[Dataset excerpts]

▬▬▬

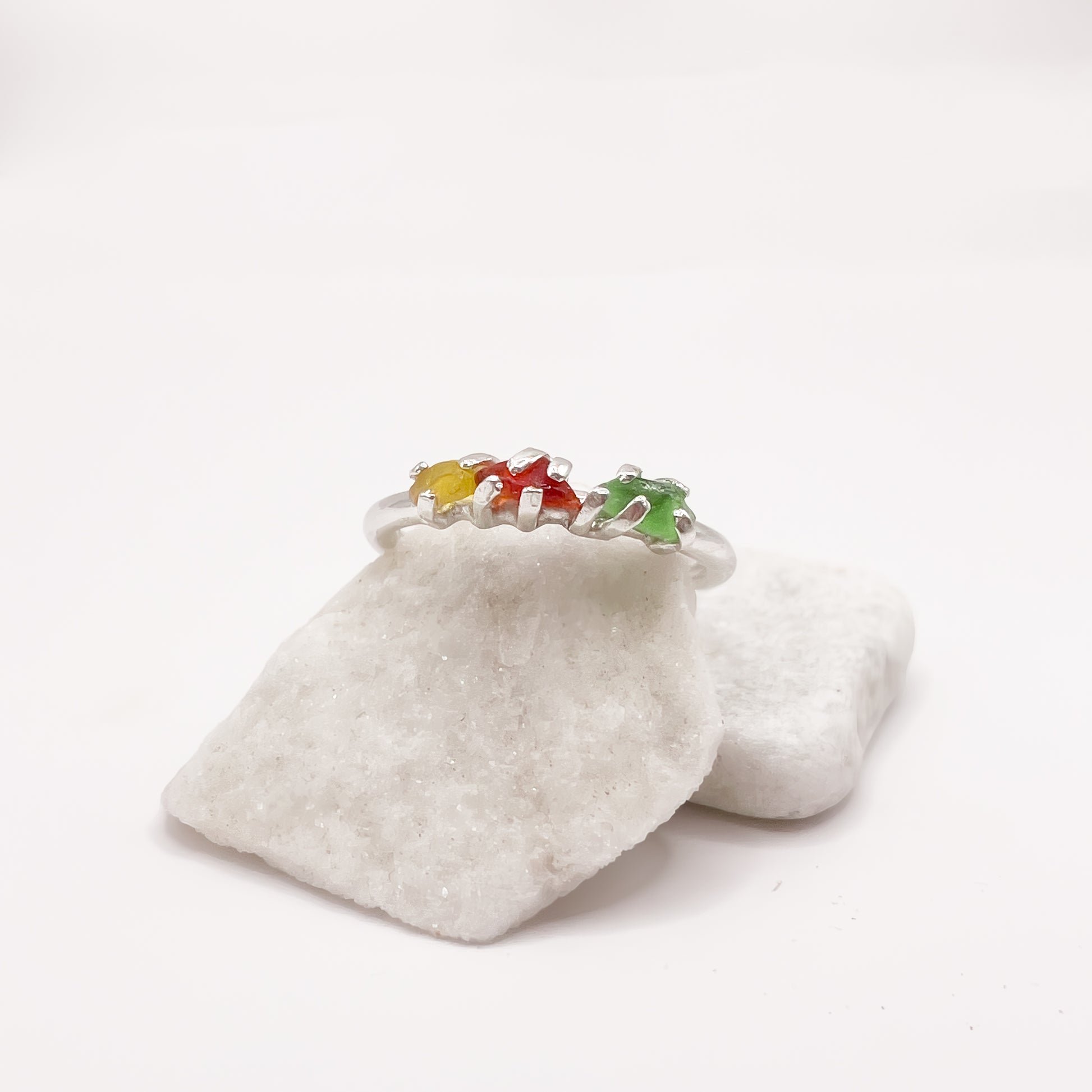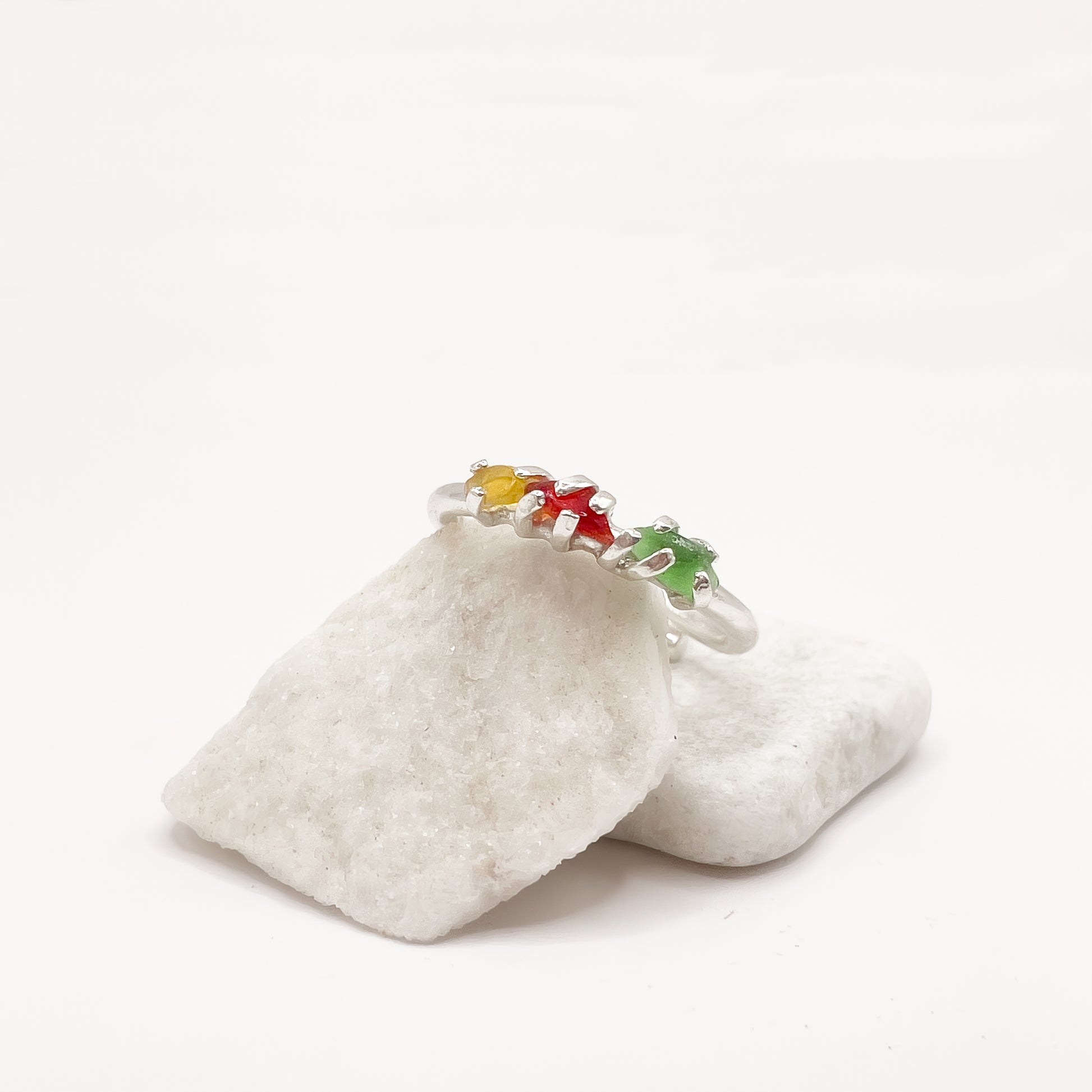 Anello in argento 925 e vetri rari raccolti a mano dalla spiaggia.
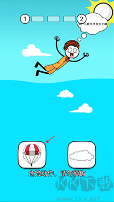 2、點(diǎn)擊屏幕,會(huì)出現(xiàn)相應(yīng)的道具解決當(dāng)前的狀態(tài),不同的道具選擇過后結(jié)局會(huì)不一樣,選擇左邊的降落傘,云會(huì)被風(fēng)吹散。
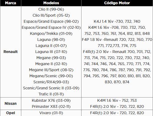 Adequado para substituição da correia distribuição em motores Renault 1.4, 1.6, 1.8, 2.0 e alguns veículos Nissan e Opel
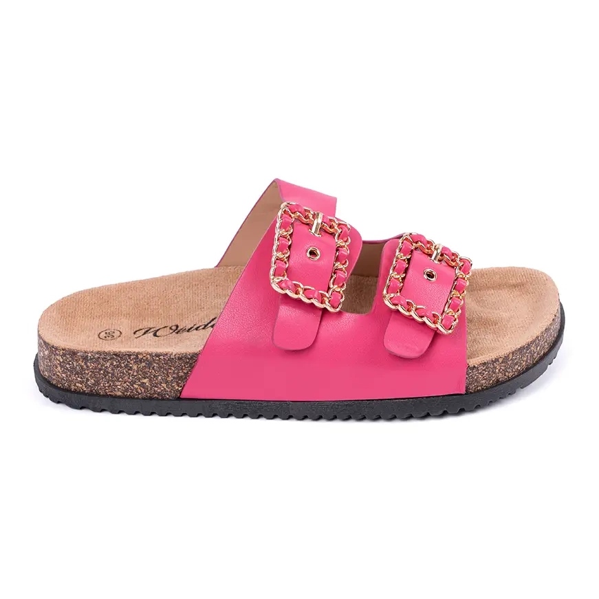 Eleganckie, a zarazem wygodne klapki damskie o klasycznym, casualowym kroju. Model „Klapki Z Ozdobnymi Klamrami” w odcieniu Pink sprawdzi się jako uniwersalny dodatek do letnich stylizacji — od spacerów po mieście po codzienne wyjścia na zakupy.
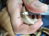 桜もウォルナットも固い木材です。小刀で彫り込んでいくのは手のかかる作業です。

▬▬▬

## GOAL OF THE EXERCISE
Give back the entries above exactly as they stand. Leave the images out.

## WRITTEN ANSWER
 Anello in argento 925 e vetri rari raccolti a mano dalla spiaggia.
 2、點(diǎn)擊屏幕,會(huì)出現(xiàn)相應(yīng)的道具解決當(dāng)前的狀態(tài),不同的道具選擇過后結(jié)局會(huì)不一樣,選擇左邊的降落傘,云會(huì)被風(fēng)吹散。
 Adequado para substituição da correia distribuição em motores Renault 1.4, 1.6, 1.8, 2.0 e alguns veículos Nissan e Opel
 Eleganckie, a zarazem wygodne klapki damskie o klasycznym, casualowym kroju. Model „Klapki Z Ozdobnymi Klamrami” w odcieniu Pink sprawdzi się jako uniwersalny dodatek do letnich stylizacji — od spacerów po mieście po codzienne wyjścia na zakupy.
 桜もウォルナットも固い木材です。小刀で彫り込んでいくのは手のかかる作業です。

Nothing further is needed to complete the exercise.